Analysis of variance: ANOVA

Chapter I Basics

Installation

First you will want to get the R environment. On this website, just choose the right installation for your operating system and you are ready to go.

IDE

IDE (Integrated Development Environment) for R is something nice to have. Because having an IDE can save you lots of time and problems as it has many useful functions. For example, you can directly view the dataset like an excel sheet or run your R script directly from the editor.

Personally I use Rstudio, and I think it is the best, but there are several other options you can choose from such as Rattle and Rgedit.

rStudio

On the top left is the editor for your rScript. On the bottom left is the R Console where you can run the script. On the top right is a list of variables and environment values and on the bottom right is your current directory. If you want to run any particular segment of your R script, you can just highlight that segment and click the run bottom on the top, so that it will be run in your console.

R Basics

Now we can start talking about the R basics and get your hands dirty. I highly suggest you follow along to get yourself more familiar with working with R because R is famous for being unfriendly to newcomers. Even some of my friends who study computer science had a difficult time getting started with R.

Basic Data Types

Before we can make complex analysis using R, we want to know the elements of R just like if we want to cook a dish, we need to know about the ingredients first and then comes to recipe. In the world of R, everything has a type and there are five basic data types:

1. Numeric

Decimals values are called numeric and it is the default data type
x = 3.21
class(x)
## [1] "numeric"
x = 3
class(x)
## [1] "numeric"

We first set x to be 3.21 and the class function tells us which datatype on object is.

2. Integer

Integers cannot be decimals
x = as.integer(5)
class(x)
## [1] "integer"

x = 3.2
class(x)
## [1] "numeric"

x = as.integer(3.2)
x
## [1] 3
class(x)
## [1] "integer"

For the second 3.2 assignment, because we first cast it into an integer so the decimal part is truncated.

3. Logical

a = TRUE
b = FALSE
a & b
## [1] FALSE

4. Character

my_char = "Hello"
class(my_char)
## [1] "character"
numAsChar = as.character(3.2)
class(numAsChar)
## [1] "character"

After knowing most of the basic datatypes, we can move one step forward.

Dataframe

You may be wondering how those things are going to help me analyze data, and why do we need those datatypes at all? I hope you will find your answers as we progress. You know, having just one variable is boring, can we create a list of them? Yes we can by using vector and later you will find out how to can put multiple vectors together to create a dataframe which is essentially our dataset.

Creating a vector is simple you just need to use the c(...) command.
a = 2
b = "second"
c = 3.2
my_vector = c(a, b, c, 3.3)
my_vector
## [1] "2"      "second" "3.2"    "3.3"

We first create a couple variables, and then we put them all into my_vector.
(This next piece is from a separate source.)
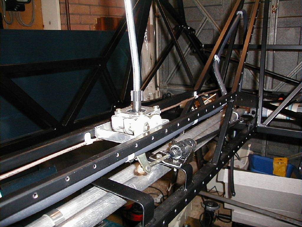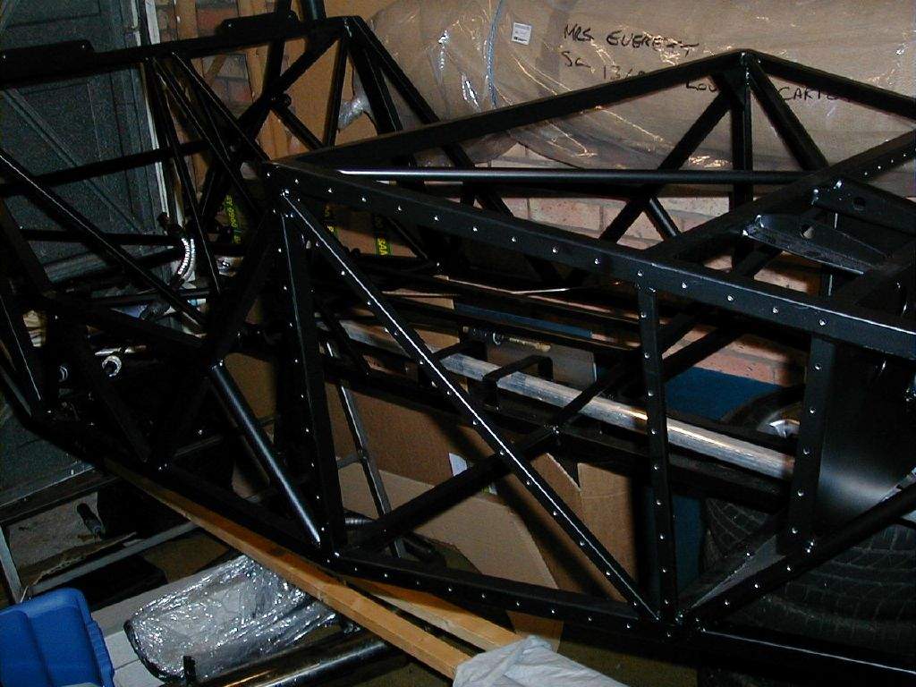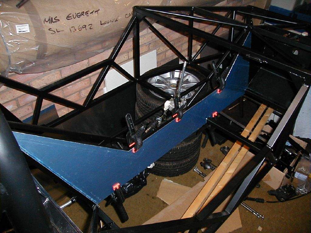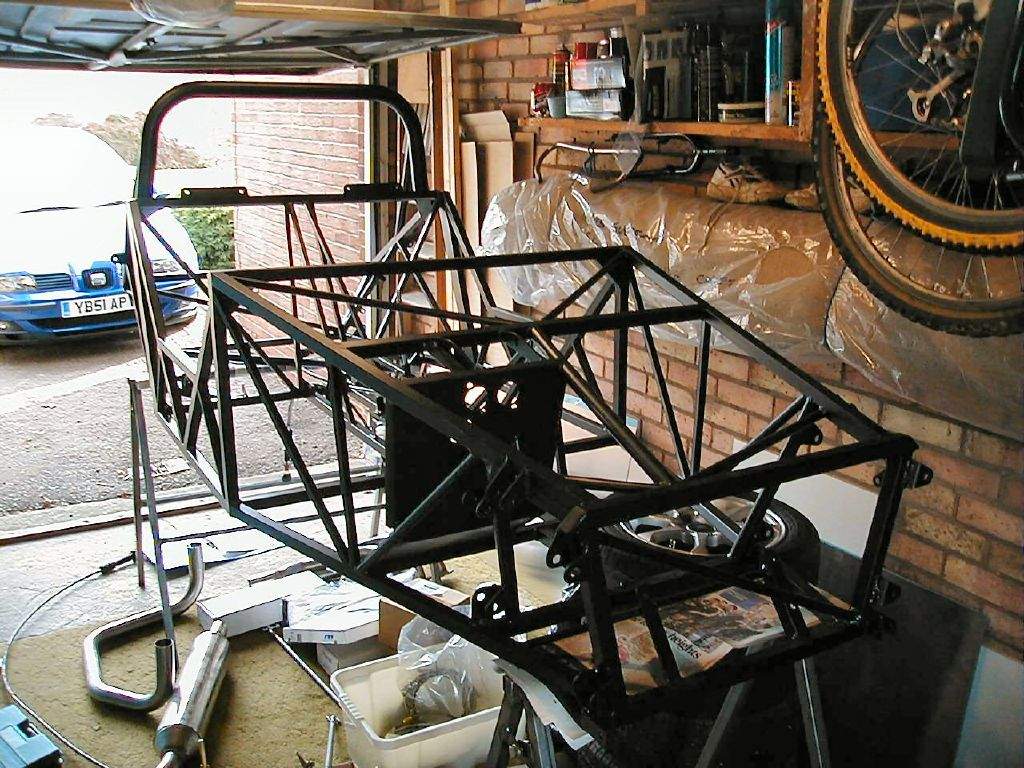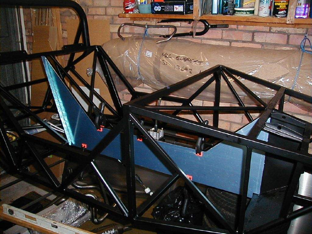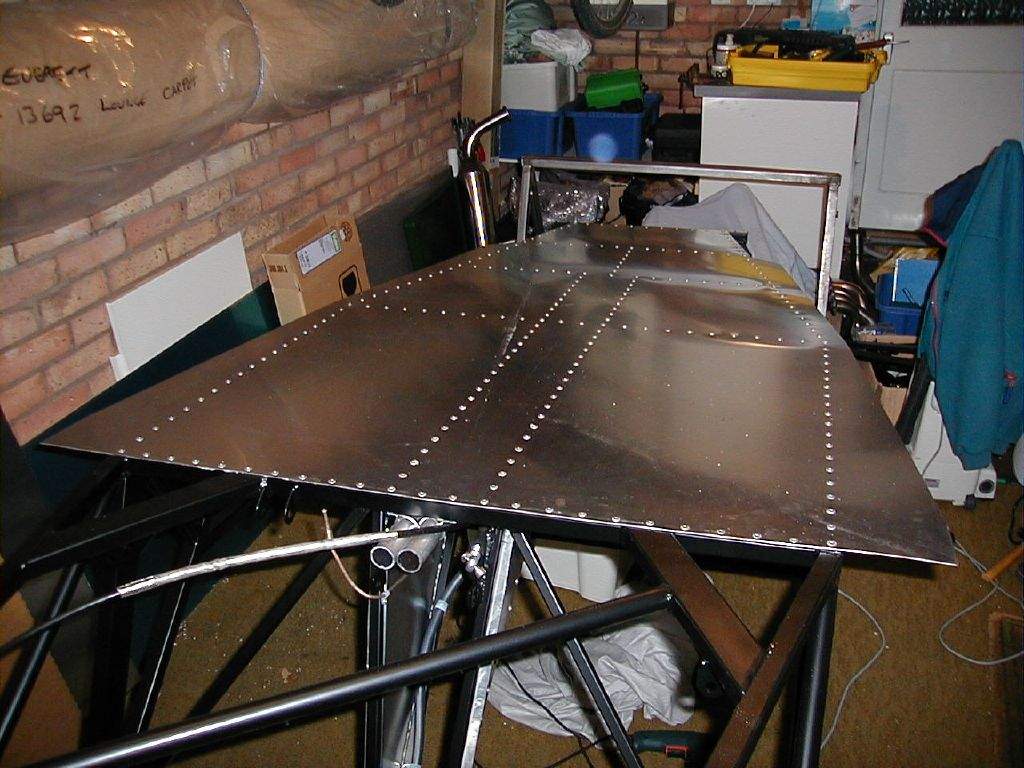 Finally, I felt the urge to rivet my first panel into place. Although not strictly in the order suggested in the build manual, I decided that I could safely fit the driver side outer footwell panel (I still need full access to the tunnel for another job or two), so applied a bead of car body sealant to the chassis members that the panel will fit against, offered up the panel and pushed the rivets into position. Then I got 'popping'! 26th October: 6h00m: Final job in the tunnel for now was to sort out the cable stop for the gear linkage. The Focus-based linkage I'm using will translate the fore-aft motion of the gear lever to the gearbox using a rod, whilst the left right motion of the gear lever is translated to a push-pull motion on a cable. I used an angle grinder to chop down the huge original steel bracket from the Focus, to give a neat cable stop that I then drilled and bolted to the plate in the tunnel. Although quite a few more bits and pieces will have to be routed through the tunnel (heater hose x2, throttle and clutch cable, loom…) I decided that these will not need to be fitted as securely, so I'll be able to fit these through the removable tunnel-top easily enough. Before fitting the panel to the tunnel I drilled a hole to correspond with the harness mounting point in the chassis. Then I carried out the panel-fixing procedure as before- sealant then rivet. Unfortunately one slip of the rivet gun resulted in a bit of a scratch on the panel. I was MAD! Maybe it'll improve with some fine wet & dry paper followed by a polish, but this car is all about driving after all, so I'm sure I'll soon forget about it! Hopefully… 27th October: 1h30m: Riveted the passenger side tunnel and footwell end into position. At this stage I ran out of rivets, so a shopping trip was called for! I reckoned I would need at least another 400 rivets, maybe I missed a bag when I picked up the kit from Sylva. Anyway, no problem, I picked up 1200 rivets for £15- that'll definitely be enough! 28th October: 2h00m: Measured, cut out, centre punched and drilled the passenger side outer footwell panel. 29th October: 2h30m: Riveted the passenger side outer footwell panel in place. Negotiated some assistance from Liz to drop the chassis off the build stands and onto the floor panel, which itself was sat on the floor. Once the chassis was centred correctly, I drew round all of the chassis members with a marker pen, and marked what will be the finished outside edge of the floor based on some dimensions from Sylva. Then I sat in the car for the first time! It now looks very small and low compared with when it was on the build stands. Dragged Liz out to the garage once more to help pull the floor panel out from under the chassis, and then turned the chassis completely upside-down ready for drilling and riveting the floor panel in place.

Good now, imagine we have many vectors being put together, and we will get our dataframe!
name = c("R", "Python", "Matlab")
yearOfCreation = c(1993, 1989, 1970)
awesomeness = c("Oh yeah", "Ok", "Excuse me?")
df = data.frame(name, yearOfCreation, awesomeness)
df
##     name yearOfCreation awesomeness
## 1      R           1993     Oh yeah
## 2 Python           1989          Ok
## 3 Matlab           1970  Excuse me?

First we have a vector of programming languages, then we have a vector of numeric that entail when each language was created, in the end we give some of our opinions about each language. Hence, we can put those vectors into one big chunk, the dataframe. The layout of the dataframe looks like something we see in data analysis project.

Having learning the R basics and the some essential foundation of R, in the next chapter we can finally start exploring the true power of R by doing some exploratory analysis and find out the correlation between different variables in our data frame.